Mark Twain explored themes of science in his novel A Connecticut Yankee in King Arthur's Court. By means of "transmigration of souls", "transposition of epochs – and bodies" Twain's Yankee is transported back in time and his knowledge of 19th century technology with him. Written in 1889, A Connecticut Yankee seems to predict the events of World War I, when Europe's old ideas of chivalry in warfare were shattered by new weapons and tactics.

American author L. Frank Baum's series of 14 books (1900–1920) based in his outlandish Land of Oz setting, contained depictions of strange weapons (Dorothy and the Wizard in Oz, Glinda of Oz), mechanical men (Tik-Tok of Oz) and a bevy of not-yet-realized technological inventions and devices including perhaps the first literary appearance of handheld wireless communicators (Tik-Tok of Oz).

Jack London wrote several science fiction stories, including The Red One (a story involving extraterrestrials), The Iron Heel (set in the future from London's point of view) and The Unparalleled Invasion (a story involving future germ warfare and ethnic cleansing). He also wrote a story about invisibility and a story about an irresistible energy weapon. These stories began to change the features of science fiction.
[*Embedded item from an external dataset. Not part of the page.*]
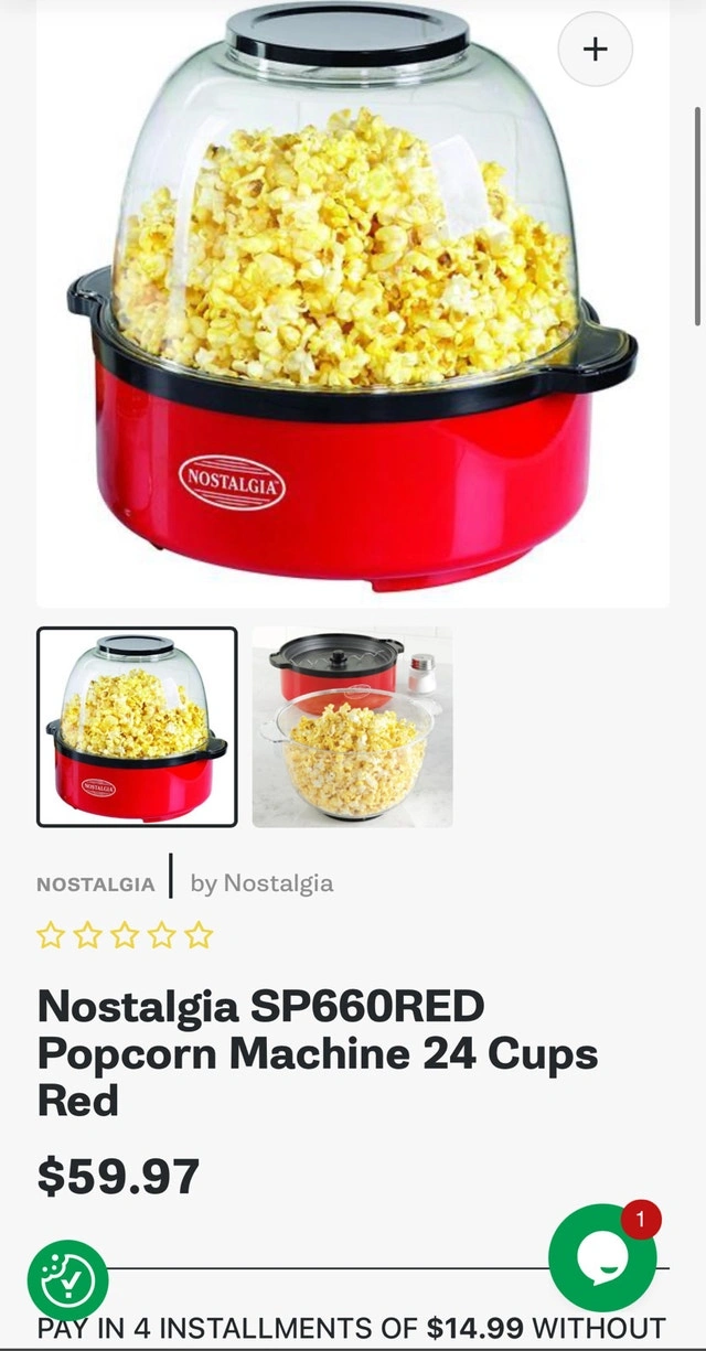 Buy & SellNostalgia SP660RED Popcorn Machine 24 CupNostalgia SP660RED Popcorn Machine 24 Cup$25Nostalgia SP660RED Popcorn Machine 24 Cup Like New, Price Is Firm For Sale By: OwnerWHERE TO MEETCheck LocationView MapSELLERJayGrimsby150 reviews0 chats·0 favorites·1 viewsSEND CHAT TO SELLERHi Jay! I’m interested in your listing.Hi Jay! I’m interested in your listing.Get the Karrot app to chatSign In to chat

Edward Everett Hale wrote The Brick Moon, a Verne-inspired novel notable as the first work to describe an artificial satellite. Written in much the same style as his other work, it employs pseudojournalistic realism to tell an adventure story with little basis in reality.

Edgar Rice Burroughs (1875–1950) began writing science fiction for pulp magazines just before World War I, getting his first story Under the Moons of Mars published in 1912. He continued to publish adventure stories, many of them science fiction, throughout the rest of his life. The pulps published adventure stories of all kinds. Science fiction stories had to fit in alongside murder mysteries, horror, fantasy and Edgar Rice Burroughs' own Tarzan.